---------- Task material ----------

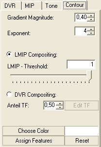 Des Weiteren hat der User die Möglichkeit zwischen LMIP Compositing und DVR Compositing zu wählen. Wählt er LMIP Compositing, so kann er den Intensity Threshold für das LMIP Compositing Model festzulegen (default: 1). Wählt er DVR Compositing, so hat er die Möglichkeit durch klick auf den Button "Edit TF" eine individuelle Transferfunction im sich dann öffnenden Dialogfenster zu erstellen. Die Farbe aus der Transferfunction wird dann beim rendern mit der Farbe aus dem Contour Shader gemischt, d.h. die Contour Linien im Ergebnisbild werden verstärkt. Den Anteil den die Transferfunction auf das Ergebnisbild haben soll lässt sich mit "Anteil TF" bestimmen.
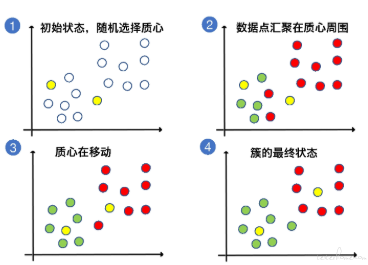 数据点离哪个质心近,就跟哪个质心属于一类。
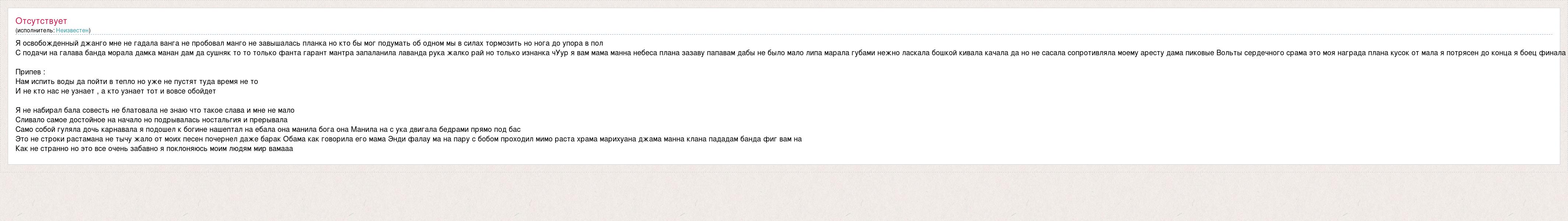 Я освобожденный джанго мне не гадала ванга не пробовал манго не завышалась планка но кто бы мог подумать об одном мы в силах тормозить но нога до упора в пол С подачи на галава банда морала дамка манан дам да сушняк то то только фанта гарант мантра запаланила лаванда рука жалко рай но только изнанка чУур я вам мама манна небеса плана зазаву папавам дабы не было мало липа марала губами нежно ласкала бошкой кивала качала да но не сасала сопротивляла моему аресту дама пиковые Вольты сердечного срама это моя награда плана кусок от мала я потрясен до конца я боец финала Припев : Нам испить воды да пойти в тепло но уже не пустят туда время не то И не кто нас не узнает , а кто узнает тот и вовсе обойдет Я не набирал бала совесть не блатовала не знаю что такое слава и мне не мало Сливало самое достойное на начало но подрывалась ностальгия и прерывала Само собой гуляла дочь карнавала я подошел к богине нашептал на ебала она манила бога она Манила на с ука двигала бедрами прямо под бас Это не строки растамана не тычу жало от моих песен почернел даже барак Обама как говорила его мама Энди фалау ма на пару с бобом проходил мимо раста храма марихуана джама манна клана пададам банда фиг вам на Как не странно но это все очень забавно я поклоняюсь моим людям мир вамааа
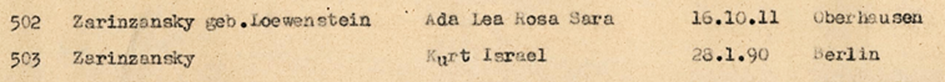Ada Lea Rose Löwenstein *16.10.1911 in Oberhausen; 3.3.1943 Auschwitz; oo Kurt Zarinzansky
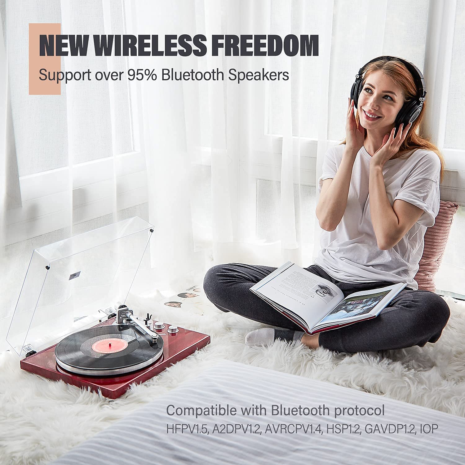 Enhance your audio experience with wireless listening. Bluetooth connectivity seamlessly pairs with speakers or headphones, creating an immersive, clutter-free environment for enjoying your favorite vinyl records.
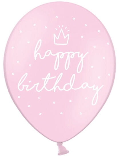 Rózsaszín boldog születésnapot lufi darabszám: 1 db alkalmas levegővel és héliummal történő felfújásra is méret 30 cm, ár egy darabért Latex luf ik HAPPY BIRTHDAY felirattal. Remek dekoráció szülinapi bulikra. Héliummal és levegővel is felfújhatóak.

----------

Task objective: Only the lines above from the one containing "Ada Lea Rose" through the one containing "Enhance your audio" should be returned, verbatim and inclusive, with pictures excluded.

The answer:
Ada Lea Rose Löwenstein *16.10.1911 in Oberhausen; 3.3.1943 Auschwitz; oo Kurt Zarinzansky
 Enhance your audio experience with wireless listening. Bluetooth connectivity seamlessly pairs with speakers or headphones, creating an immersive, clutter-free environment for enjoying your favorite vinyl records.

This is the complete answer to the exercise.